__TASK ITEM__
Print all the data that follows exactly, images excluded.

[RECORDS TO PROCESS — start]

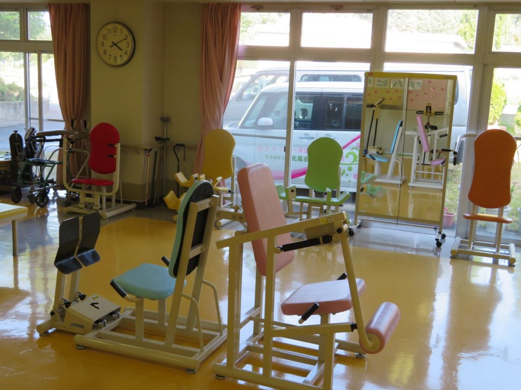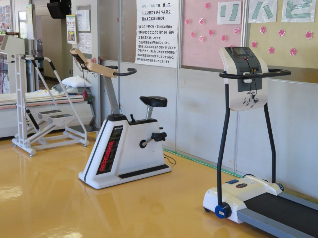 徳島さくらクリニックのリハビリ室には7種類のパワーリハビリの機械と、エアロバイク・ルームランナーを置いています。
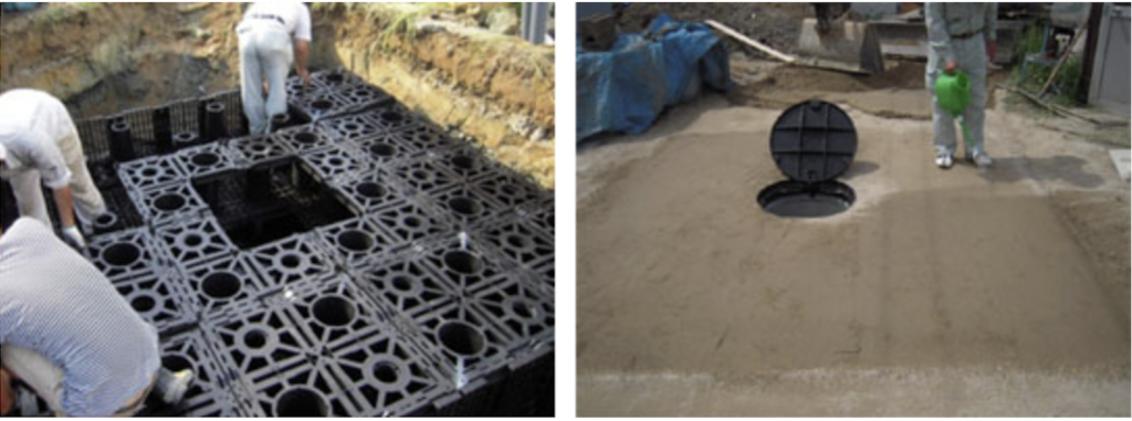 ATTAC工法で施工したグラウンドや広場などの下に雨水の貯留槽を埋設し、降雨を浸透貯留させる工法。浸透した雨水であるため、濁りが少なく非常時など、トイレの水などに利用しやすい。コンクリート製の貯留槽なので、地下水位が高い場所でも設置が可能であるため、場所の選定が容易である。
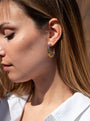 Hoop earrings with irregularly arranged stones in bright tones. Made of multi-shape adamantine quartz in amethyst, banana, oliviane, ruby ​​and azurite tones, they will allow you to create unique looks for your most special occasions. Dare to wear them!
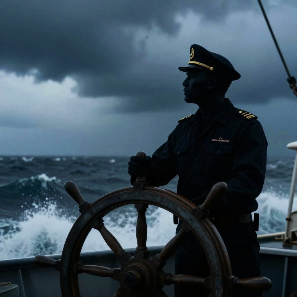 Realistic photo.A silhouette of a ship captain steering amid a storm, with a faded background of churning sea, color palette of dark blues and stormy grays, evoking bravery, turmoil, resilience, subtle nautical symbols. realistic photo
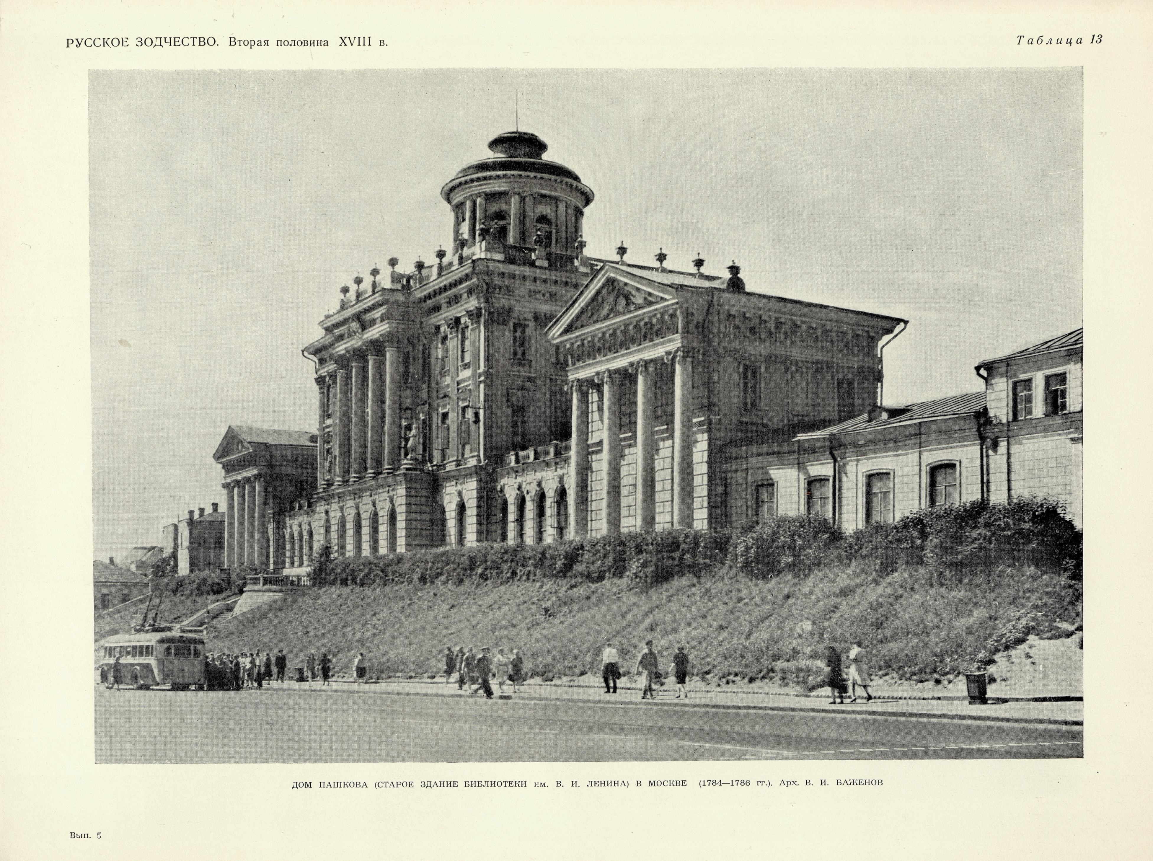 Таблица 13. Дом Пашкова (ныне старое здание библиотеки имени В. И. Ленина) в Москве (1784—1786 гг.). Архитектор В. И. Баженов. Общий вид (МАА)
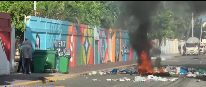 Un grupo de jóvenes se enfrentó a pedradas y bombas lacrimógenas con oficiales de la Policía Nacional frente al liceo-politécnico Manuel María Castillo, en el sector El Capacito de San Francisco de Macorís.
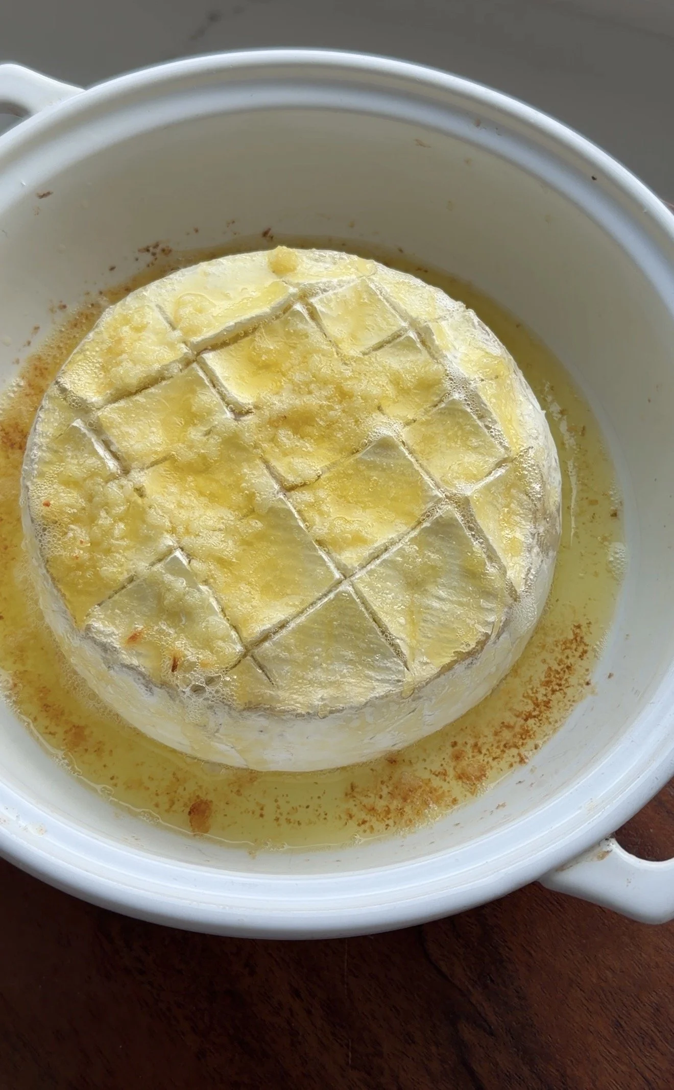 - Put your brie cheese wheel in the middle of the baking dish and score the top of it with cross hatch marks (this will allow the brie cheese to breathe and cook evenly in the oven)

[RECORDS TO PROCESS — finish]

__SOLUTION TO THIS EXERCISE__
 徳島さくらクリニックのリハビリ室には7種類のパワーリハビリの機械と、エアロバイク・ルームランナーを置いています。
 ATTAC工法で施工したグラウンドや広場などの下に雨水の貯留槽を埋設し、降雨を浸透貯留させる工法。浸透した雨水であるため、濁りが少なく非常時など、トイレの水などに利用しやすい。コンクリート製の貯留槽なので、地下水位が高い場所でも設置が可能であるため、場所の選定が容易である。
 Hoop earrings with irregularly arranged stones in bright tones. Made of multi-shape adamantine quartz in amethyst, banana, oliviane, ruby ​​and azurite tones, they will allow you to create unique looks for your most special occasions. Dare to wear them!
 Realistic photo.A silhouette of a ship captain steering amid a storm, with a faded background of churning sea, color palette of dark blues and stormy grays, evoking bravery, turmoil, resilience, subtle nautical symbols. realistic photo
 Таблица 13. Дом Пашкова (ныне старое здание библиотеки имени В. И. Ленина) в Москве (1784—1786 гг.). Архитектор В. И. Баженов. Общий вид (МАА)
 Un grupo de jóvenes se enfrentó a pedradas y bombas lacrimógenas con oficiales de la Policía Nacional frente al liceo-politécnico Manuel María Castillo, en el sector El Capacito de San Francisco de Macorís.
 - Put your brie cheese wheel in the middle of the baking dish and score the top of it with cross hatch marks (this will allow the brie cheese to breathe and cook evenly in the oven)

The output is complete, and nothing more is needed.